§ **Task goal**: Please transcribe only the lines between the one containing "and drag the" and the end of the records, both ends included, exactly as written; skip every picture.

=== Section Start ===

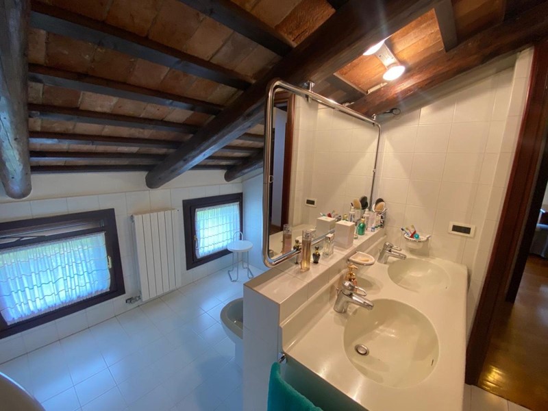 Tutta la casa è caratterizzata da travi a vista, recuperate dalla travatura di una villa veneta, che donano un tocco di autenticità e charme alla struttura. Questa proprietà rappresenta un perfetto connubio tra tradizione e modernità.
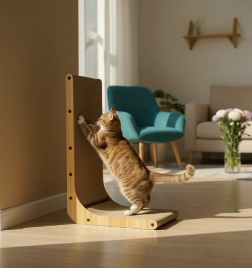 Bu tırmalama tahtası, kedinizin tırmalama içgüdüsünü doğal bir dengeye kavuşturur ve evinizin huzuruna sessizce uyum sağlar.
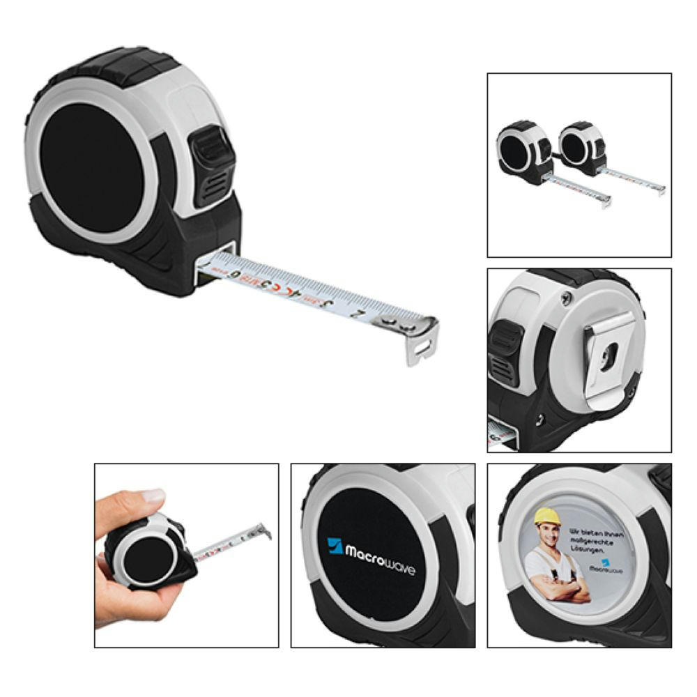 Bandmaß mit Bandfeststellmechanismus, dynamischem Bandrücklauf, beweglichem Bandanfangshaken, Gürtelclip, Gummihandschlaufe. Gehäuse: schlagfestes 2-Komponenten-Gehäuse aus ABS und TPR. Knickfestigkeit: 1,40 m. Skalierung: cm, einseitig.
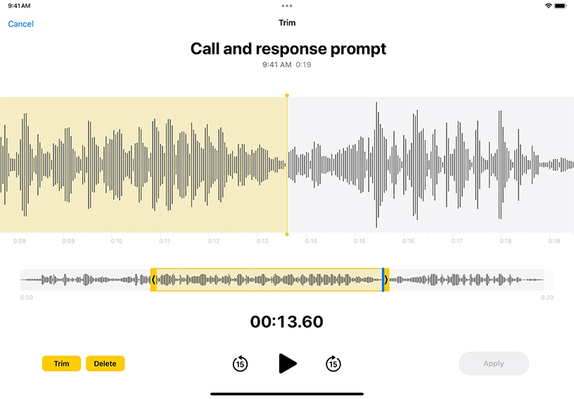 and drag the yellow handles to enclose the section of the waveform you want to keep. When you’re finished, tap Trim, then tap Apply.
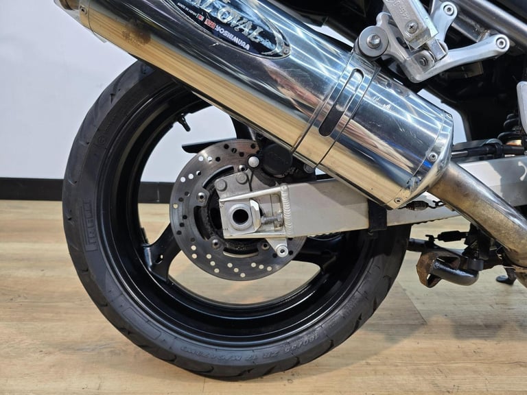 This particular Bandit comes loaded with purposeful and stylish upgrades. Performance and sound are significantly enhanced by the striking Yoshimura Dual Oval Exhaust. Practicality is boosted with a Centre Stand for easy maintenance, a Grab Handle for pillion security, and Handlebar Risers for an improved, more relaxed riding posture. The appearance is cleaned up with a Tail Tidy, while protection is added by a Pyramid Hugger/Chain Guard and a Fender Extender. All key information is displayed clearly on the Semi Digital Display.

=== Section End ===

§ **Task response**:
 and drag the yellow handles to enclose the section of the waveform you want to keep. When you’re finished, tap Trim, then tap Apply.
 This particular Bandit comes loaded with purposeful and stylish upgrades. Performance and sound are significantly enhanced by the striking Yoshimura Dual Oval Exhaust. Practicality is boosted with a Centre Stand for easy maintenance, a Grab Handle for pillion security, and Handlebar Risers for an improved, more relaxed riding posture. The appearance is cleaned up with a Tail Tidy, while protection is added by a Pyramid Hugger/Chain Guard and a Fender Extender. All key information is displayed clearly on the Semi Digital Display.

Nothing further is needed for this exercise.